— The task —
Everything from the line containing "A view of the" through the final line of the entries, both included, should be copied exactly and with nothing else; please skip pictures.

##### Source material

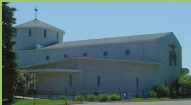
THIRTIETH SUNDAY IN ORDINARY TIME OCTOBER 29, 2023

32 Hebron Road Bolton, Ct 06043 Rectory Phone 860-643-9553 Parish Office 860-643-4466 Parish Center 860-643-8374 Prayer Line 860-643-2837
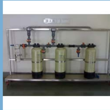
Demineralisation Lab Model
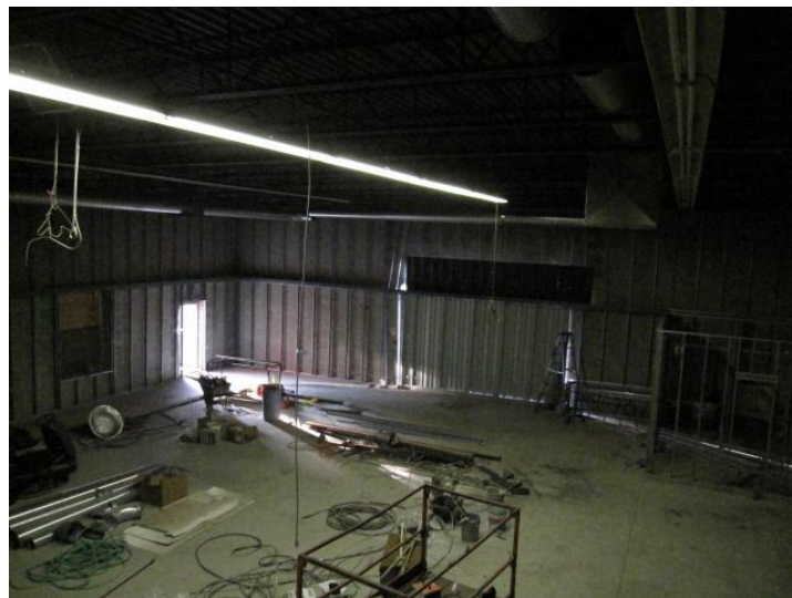
A view from the Balcony A. Liskow (c) 2009.

With the renovation design and blueprints in hand, the construction work began very soon after the Board decided to move forward with the project. In the three weeks since the "Bare Walls" Fundraising Party, significant progress has continued: Most of the electrical wiring was roughed in including a new electrical feed to the building. The HVAC unit was installed on the roof, as has much of the ductwork. The stairway to the second floor balcony and office/library area was constructed, and the big garage door has been removed to allow for the glass door installation.
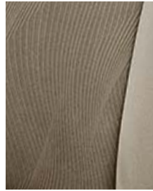
LE fabric in Bisque
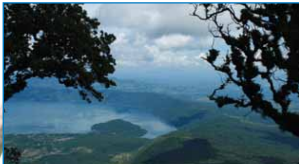
Lake Coatepeque caldera (crater lake) from Cerro Verde, overseeing part of the Complejos Los Volcanes y San Marcelino IBA (SV004). The National Park in this IBA has been managed by SalvaNATURA since 2003.

Ornithological activity has steadily increased in El Salvador since the end of a 12-year civil conflict in 1991. In 1997, a working group for bird conservation was formed, as a national chapter of the Partners-in-Flight hemispheric network of bird conservation organizations. This group operates an electronic list-serve and since 2006 has met monthly to discuss bird conservation issues. The principal participants are university students, government technicians working at MARN's natural heritage office, and staff of the SalvaNATURA Conservation Science Program. The group began the publication of a newsletter called Aratinga in 2008.
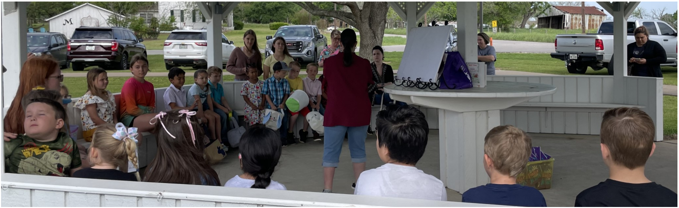
Story Time at the Community Easter Egg Hunt Saturday, March 30
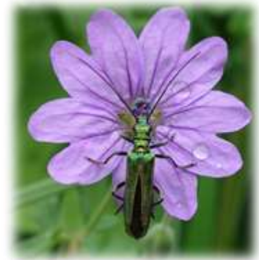
Oedemera nobilis Thick –legged Flower Beetle
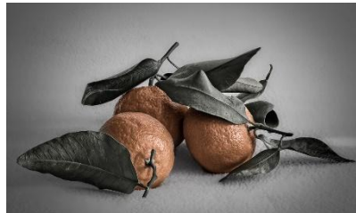
"The Orange Trio" © Greg Thomas
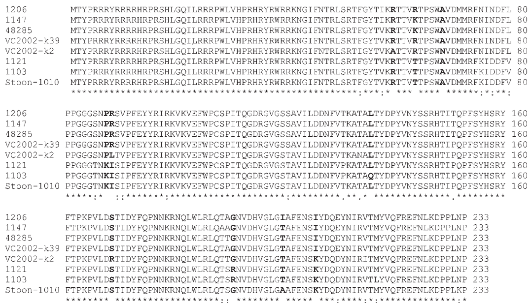
Fig. 2. ORF2 amino acid alignment of the PCV-2 strains used in this study. GenBank accession numbers are: EF990644 (1206), AJ293869 (1147), AF055394 (48285), EF990646 (VC2002-k39), EF990645 (VC2002-k2), AJ293868 (1121), AJ293867 (1103) and AF055392 (Stoon-1010). An asterisk indicates a single, fully conserved residue, a colon indicates conservation of strong groups, and a dot represents conservation of weak groups; spaces indicate no consensus (amino acids shown in bold).
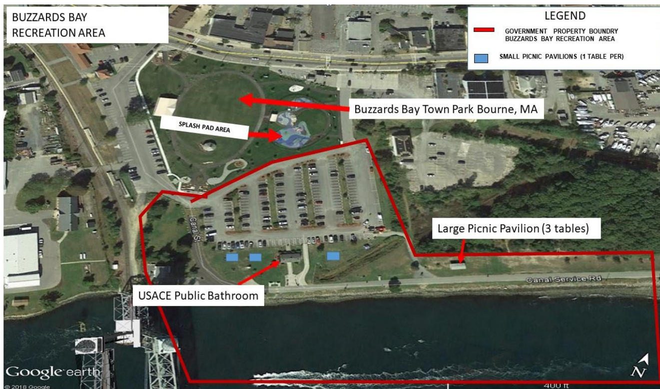
Figure 2. Cape Cod Canal Park Attendant Buzzards Bay Recreation Area of responsibility
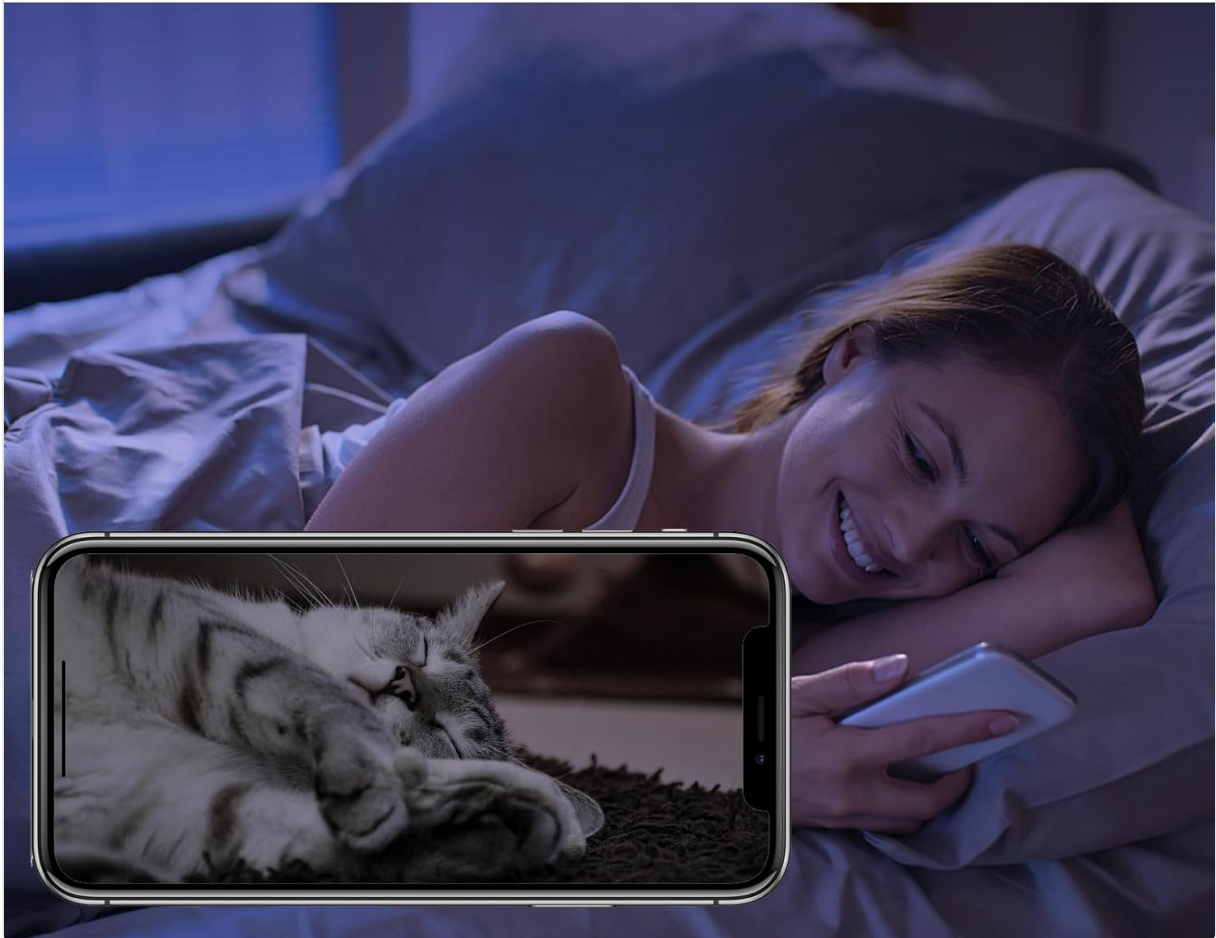
Image: A smartphone displaying clear night vision footage from the LAXIHUB P2 camera, showing a cat sleeping in a dark room.
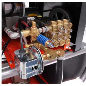
TSS1511 Industrial Pump
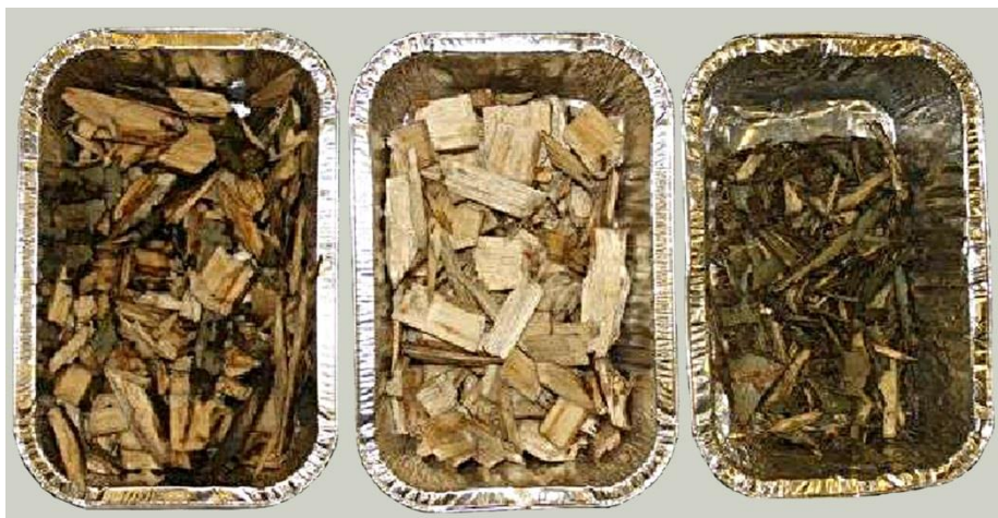
Picture 1: Energy chips and its components: juvenile wood and juvenile bark of Salix viminalis clone Inger grown on plantation

A view of the sample of energy chips and individual components of the bio-fuel: wood and bark in the sample of Salix viminalis clone Inger is in the pic.1.
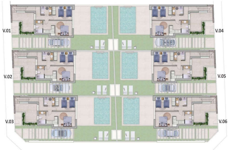
Planta Primera / First Floor
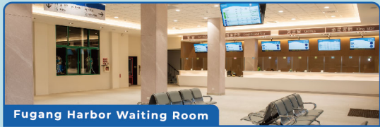
Fugang Harbor Waiting Room

Spacious, comfortable waiting area with special area dedicated to children's games. Accommodates 2,000 people at a time, with local art from Chiayi. Relaxing atmosphere provides passengers with a convenient travel center.
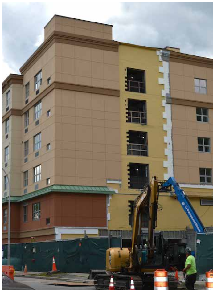
Mt. Hope Plaza under construction in White Plains on June 1.

"We believe this shared approach best reflects our mutual commitment to
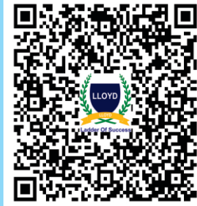
Scan QR Code for Registration
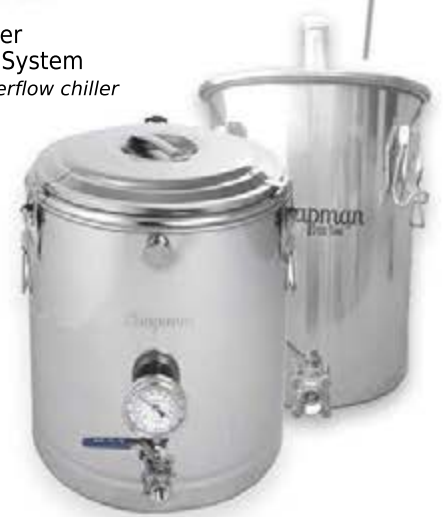
Stainless Steel Fermenter 7 gallon capacity $149.95

##########

— Answer to the problem —
A view of the sample of energy chips and individual components of the bio-fuel: wood and bark in the sample of Salix viminalis clone Inger is in the pic.1.
Planta Primera / First Floor
Fugang Harbor Waiting Room

Spacious, comfortable waiting area with special area dedicated to children's games. Accommodates 2,000 people at a time, with local art from Chiayi. Relaxing atmosphere provides passengers with a convenient travel center.
Mt. Hope Plaza under construction in White Plains on June 1.

"We believe this shared approach best reflects our mutual commitment to
Scan QR Code for Registration
Stainless Steel Fermenter 7 gallon capacity $149.95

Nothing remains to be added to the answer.